- Born: Miguel Peraza Menendez September 29, 1959 Mexico City, Mexico
- Education: Andrés Peraza (father)
- Known for: Sculpture, drawing, printmaking
- Awards: Ariel, Race for the Universe

= Miguel Peraza =

Mexican self-taught sculptor (born 1959)

Miguel Peraza (born September 29, 1959) is a Mexican self-taught sculptor. His production consists of about 300 works of small format and 34 monumental works, with many monuments along Mexico and Colombia, mainly in universities.
Throughout his career he has demonstrated mastery of materials, regardless of the size of his sculptures, and covering many topics.

==Life and work==
Peraza was born in Mexico City. His first sculpture was made back in 1975. Since then, he has carved in different sizes and materials, such as bronze, marble, wood, stainless steel, and others.

He has participated in 28 individual and 2 group exhibitions, displaying his sculptural proposal in several countries such as Colombia, Chile, Costa Rica, United States, France, Belgium, Netherlands, and Mexico.
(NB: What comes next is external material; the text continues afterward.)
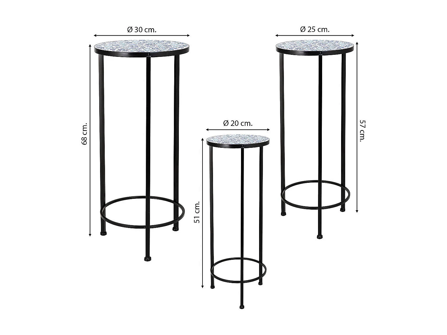 Soportes set 3 pzas de mosaico y forja negro D30x68h-D25x57h-D20x51h cm

Throughout his life he has gathered his artistic expression, teachings and publishing.

He has lectured more than 5 conferences in the United States, Colombia, Costa Rica, Chile, and Mexico.

He is a specialist in the following subjects: The Art of Art Marketing, Problems of Space, Theory of Color, as well as the Treatment and History of Sculpture.

His career has developed intimately with universities.
One of his main concerns is to show the importance of art in higher education by proposing to include it as part of the occupational skills and technique
==Publications==

He is co-author of "The Art of Art Marketing" (Editorial Plus, 1990).